The data section start
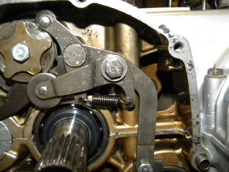 When I was taking all the shifter stuff off the right-hand side here, I discovered that I had neglected to put the shifter armature screw back in correctly - see that big hex bolt above the spring there...? The one with the big scrape on it...?
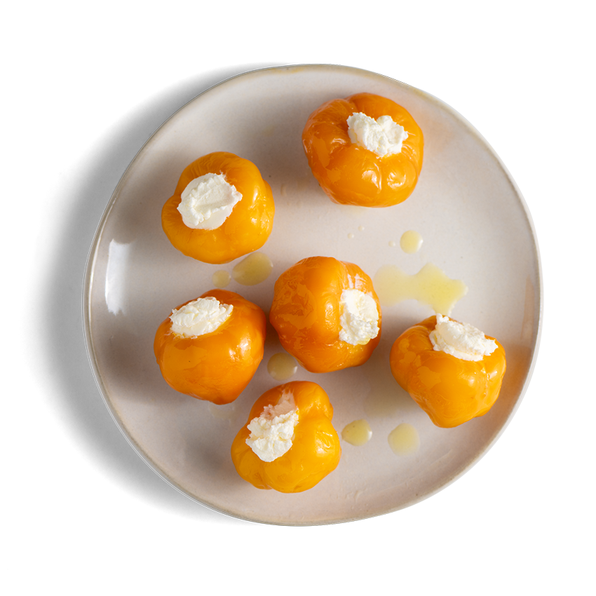 Süßlich-milde gelbe Kirschpaprika mit cremiger Füllung – farbenfroh und genussvoll.
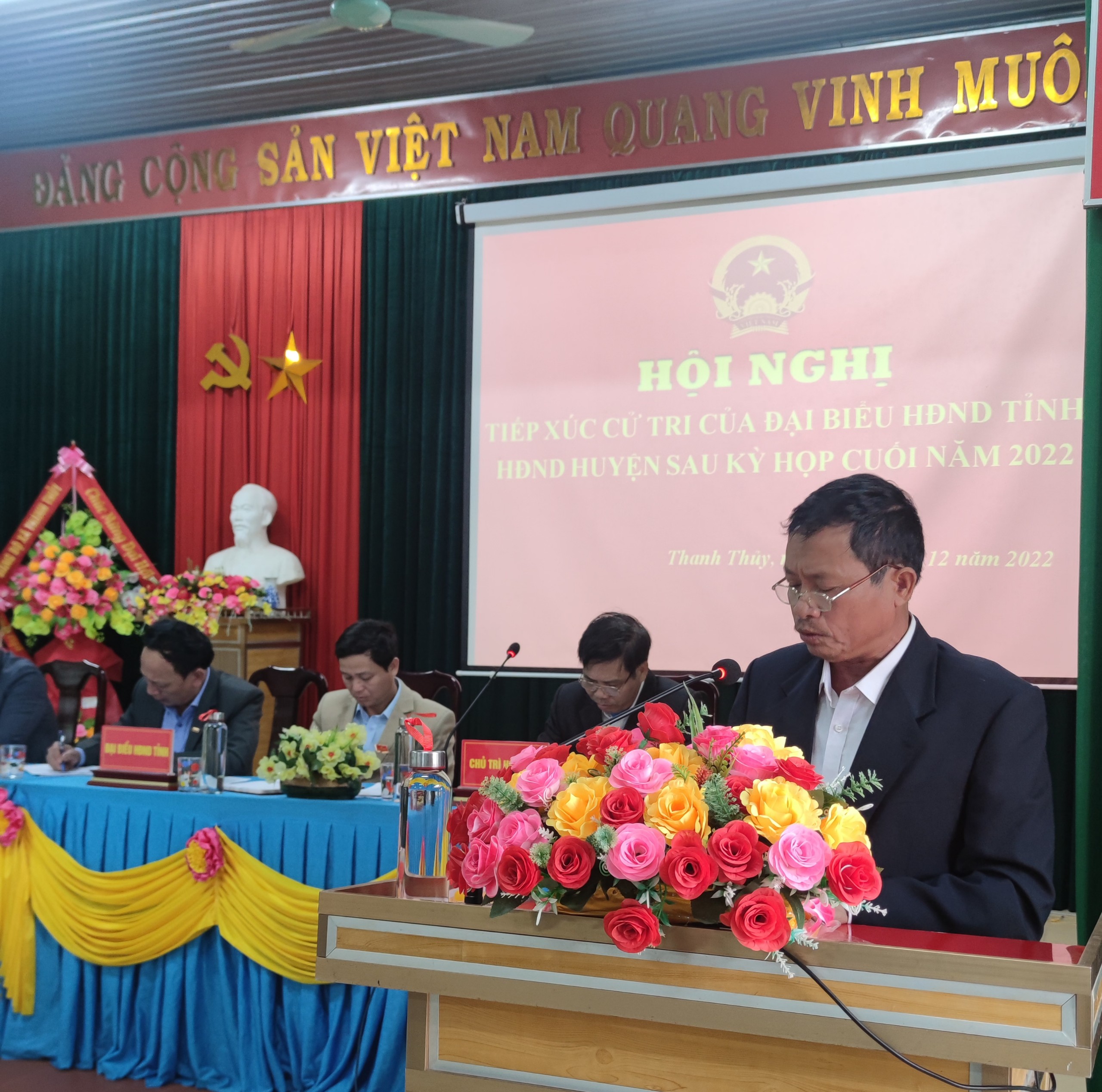 Thực hiện chương trình tiếp xúc cử tri sau kỳ họp thứ 8, HĐND tỉnh khóa XVIII, nhiệm kỳ 2021-2026, sáng ngày 27-12/2022, Tổ đại biểu HĐND tỉnh gồm có: Ông Trần Hải Châu, Phó Bí thư Thường trực Tỉnh ủy, Chủ tịch HĐND tỉnh; ông Võ Xuân Bảy, Chủ tịch Hội Nông dân xã Dương Thủy tổ chức tiếp xúc với cử tri xã Thanh Thủy, huyện Lệ Thủy sau kỳ họp thứ 8. Tham dự buổi tiếp xúc cử tri có các đồng chí đại diện lãnh đạo Sở Nông nghiệp và Pháp triển nông thôn, Văn phòng Đoàn ĐBQH và HĐND tỉnh, lãnh đạo Huyện ủy, UBND huyện, Ủy ban MTTQVN huyện và các đồng chí lãnh đạo các phòng, ban thuộc UBND huyện Lệ Thủy.
The data section end
**What to work on**.
Leaving out the pictures, restate each line of the listing above verbatim, from the opening line to the line bearing "Süßlich-milde gelbe Kirschpaprika", inclusive, and no more.

**Expected answer**.
 When I was taking all the shifter stuff off the right-hand side here, I discovered that I had neglected to put the shifter armature screw back in correctly - see that big hex bolt above the spring there...? The one with the big scrape on it...?
 Süßlich-milde gelbe Kirschpaprika mit cremiger Füllung – farbenfroh und genussvoll.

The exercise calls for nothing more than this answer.